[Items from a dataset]

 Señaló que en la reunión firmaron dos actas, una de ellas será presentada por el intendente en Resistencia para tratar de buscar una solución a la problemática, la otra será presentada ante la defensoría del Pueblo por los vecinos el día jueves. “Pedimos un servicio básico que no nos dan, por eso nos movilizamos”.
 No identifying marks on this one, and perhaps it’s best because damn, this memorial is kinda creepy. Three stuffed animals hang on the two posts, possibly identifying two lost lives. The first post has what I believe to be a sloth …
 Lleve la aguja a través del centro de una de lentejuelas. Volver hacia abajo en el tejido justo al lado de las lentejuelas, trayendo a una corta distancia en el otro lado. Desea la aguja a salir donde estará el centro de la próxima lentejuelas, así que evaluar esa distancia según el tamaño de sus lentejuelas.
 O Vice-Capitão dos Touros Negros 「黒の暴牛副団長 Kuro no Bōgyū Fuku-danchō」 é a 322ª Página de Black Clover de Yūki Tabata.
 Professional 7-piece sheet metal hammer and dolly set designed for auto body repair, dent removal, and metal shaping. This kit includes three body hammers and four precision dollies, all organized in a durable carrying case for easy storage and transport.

- What you need to do: Please repeat the entries above exactly as they read.

- Exercise response:
 Señaló que en la reunión firmaron dos actas, una de ellas será presentada por el intendente en Resistencia para tratar de buscar una solución a la problemática, la otra será presentada ante la defensoría del Pueblo por los vecinos el día jueves. “Pedimos un servicio básico que no nos dan, por eso nos movilizamos”.
 No identifying marks on this one, and perhaps it’s best because damn, this memorial is kinda creepy. Three stuffed animals hang on the two posts, possibly identifying two lost lives. The first post has what I believe to be a sloth …
 Lleve la aguja a través del centro de una de lentejuelas. Volver hacia abajo en el tejido justo al lado de las lentejuelas, trayendo a una corta distancia en el otro lado. Desea la aguja a salir donde estará el centro de la próxima lentejuelas, así que evaluar esa distancia según el tamaño de sus lentejuelas.
 O Vice-Capitão dos Touros Negros 「黒の暴牛副団長 Kuro no Bōgyū Fuku-danchō」 é a 322ª Página de Black Clover de Yūki Tabata.
 Professional 7-piece sheet metal hammer and dolly set designed for auto body repair, dent removal, and metal shaping. This kit includes three body hammers and four precision dollies, all organized in a durable carrying case for easy storage and transport.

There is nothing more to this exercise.